Depth Estimation
Category: Lifting (2D → 3D)
Experimental: No
Depth estimation predicts the per-pixel distance from the camera for every pixel in a 2D RGB image, producing a depth map and optionally unprojecting it into a 3D point cloud. vizion3d uses Depth Anything V2 as its default backend.
Model backends
Default checkpoint download: depth_anything_v2_vitb.pth
curl -L \
https://github.com/OlafenwaMoses/vizion3D/releases/download/essentials-v1/depth_anything_v2_vitb.pth \
-o depth_anything_v2_vitb.pth
| Value | What happens |
|---|---|
| (default) | Downloads the vizion3D release checkpoint (depth_anything_v2_vitb.pth) to ~/.cache/vizion3d/models/ on first use, then loads it directly |
An HTTPS URL ending in .pth or .pt |
Downloaded to the cache directory on first use, then loaded as a Depth Anything V2 checkpoint |
A local .pth or .pt file path |
Loaded directly as a Depth Anything V2 checkpoint — never downloaded |
Models are kept in memory after the first inference in the current process. Subsequent calls to any DepthEstimation instance reuse the loaded weights.

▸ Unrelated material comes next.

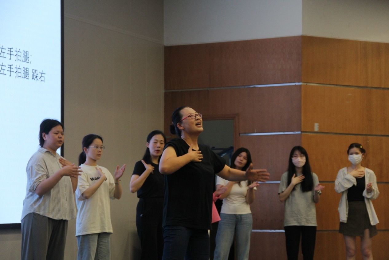 陈晓雯老师通过实践来带动理论,让员工的音乐审美感知、艺术表现等音乐素养在课堂中得到有效培育与发展,同学们在实践中都获得了长足的长进。老师以互动的形式教育员工们,同时也寄予了同学们满满的希望,希望同学们能够在未来运用到声势律动的知识,将来成为一名有能力有创新思维,又让同学们喜欢并感兴趣的老师。

Set VIZION3D_MODEL_CACHE in your environment to change the default cache directory.
Command parameters
DepthEstimationCommand is the input contract for this task.
| Parameter | Type | Required | Default | Description |
|---|---|---|---|---|
image_input |
str \| bytes |
Yes | — | Image to process. Pass a file path string or raw image bytes. |
model_backend |
str |
No | vizion3D release checkpoint URL | Model backend identifier. See Model backends above. |
return_depth_image |
bool |
No | False |
If True, the result includes a 16-bit grayscale Open3D Image of the depth map. |
return_point_cloud |
bool |
No | False |
If True, the result includes an Open3D PointCloud unprojected from the RGB-D image. |
advanced_config |
DepthEstimationAdvanceConfig |
No | PrimeSense defaults | Camera intrinsics and depth range settings. See Advanced config below. |
Result fields
DepthEstimationResult is the output contract for this task.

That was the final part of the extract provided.